Many think of appellate attorneys only after a court case has been won or lost at the trial level, but ensuring from the start that your trial team includes an attorney with strong appellate expertise can translate into real savings for your bottom line. Hiring an attorney with deep appellate experience protects the investment you make at the trial level and strengthens your position should you choose or face an appeal.
Consider a sample of the special skills that appellate attorneys provide to ramp up return-on-investment:
Picking Your Battlefield
If you or your business face serious legal and financial exposure in a case, ensuring that your trial team includes an appellate attorney to counsel as to where to bring a case (when there is a choice) can impact the potential for appeals. For example, it is very difficult to appeal an arbitration decision, so selecting arbitration versus court litigation necessarily restricts the potential for any successful appeal – depending on your case, there may be strategic reasons to limit appeal and select arbitration (if you can). In terms of court selection, there may be more than one choice, including federal or state, and one state’s laws and precedent could be far more favorable to your case than another state’s. Such breadth of knowledge from the inception of a case is invaluable. Litigators with strong appellate experience see the entire forest, not just the trees (and weeds) of trial.
Making Your Record
Appellate courts rarely look outside the “record,” meaning the transcripts of testimony and evidence presented during trial. Arguments or objections that could have been made but were not are usually lost and cannot be made on appeal (“waived”). Many litigants are surprised to learn that they do not have a solid appeal because their trial attorney did not make the proper motions or objections, or introduce key evidence, during trial. Attorneys with comprehensive knowledge of the appeals process not only have a deep understanding of legal principles and process at the appellate level, but also know how to increase the likelihood of success on appeal by creating a good record and ensuring that all appealable issues are preserved and not waived. Trial attorneys with appellate experience can also create opportunities for “interlocutory” appeals – appeals of certain issues before there is a final judgment.

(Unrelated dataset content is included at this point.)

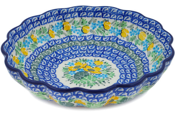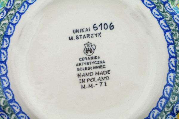 This Spring Pond 7" Scalloped Bowl was handmade and hand decorated in Boleslawiec, Poland by skilled artisans according to old traditional methods. This is a Polish pottery Signature Unikat, which means that it has been hand painted with both sponges and brushes and it is signed by the artist who painted it. Unikat pieces are the most intricate works of art. Larger Unikat items take hours of very careful work to finish. This Polish stoneware is microwave, dishwasher, freezer, and oven safe up to 480°F. It does not contain lead or cadmium. It is part of the Spring Pond Collection.

Assessing Your Likelihood of Success on Appeal
Whether you have won or lost at the trial level, there are many factors to consider. If you won, the other side may appeal and your choices are limited: defend the appeal or try to settle. If you lost, even if the trial court got something wrong, your likelihood of success on appeal may be limited by the discretion afforded to fact-finders. Even when reversible error on case-determinative issues gives you the highest likelihood of success on appeal, the cost of pursuing an appeal may outweigh the cost of satisfying judgment. Litigators with appellate expertise provide neutral assessment of all of these factors.
Understanding Business Considerations
A legal case is more than an argument under applicable facts and law – it is also a cost-benefit analysis. Litigators with strong appellate experience will objectively advise as to not only the likelihood of success on appeal, but also as to the impact of an appeal on certain business considerations – not just your bottom line, but the potential for precedent impacting your business in the future. Appellate attorneys should objectively assess your case and understand your business objectives to counsel whether to appeal (if an option), defend an appeal, or settle, taking you to the best possible result within a complex framework of rules and timelines.
Knowing the Audience
Appellate attorneys put themselves into the shoes of an appellate court judge. What are the issues on appeal, why are they important, and why are some issues not worth appealing? A witness may have lied, but an appellate court will defer to the fact-finder that was in the courtroom to assess the credibility of that witness. You may have had a winning argument, but if it was not made at trial you likely cannot make it on appeal.
A good appellate attorney objectively assesses the record, spots the strongest arguments for overturning or affirming the decision below, understands precedent and any public policy implications and presents well-researched and compelling arguments to the appellate court, both in written briefs and at oral argument.
Presenting your best arguments on appeal requires a nuanced understanding of how appellate judges think. Select an appellate attorney who not only deep dives into research and is a strong and persuasive writer, but who anticipates the other side’s arguments and, more critically, intuits the issues most important to the appellate court. Less is often more, both in terms of selecting the issues to appeal and in writing concise and compelling briefs. At the end of the day, a good appellate advocate tells and sells your story.
“Appellate records are longer than they once were, and oral arguments are more compressed, but even in the electronic age, the essential art of appellate advocacy – and of appellate judging too, I believe – has remained constant.” Ruth Bader Ginsburg, Remarks on Appellate Advocacy, 50 S. C. L. Rev. 567, 570 (1999). Because appellate advocacy is most certainly an art form, it pays to carefully select your artist.
(Leanne Murray Shofi is Special Counsel at Pastore in Stamford, Conn., with 20+ years of litigation and appellate experience within the Connecticut and New York state and federal courts.)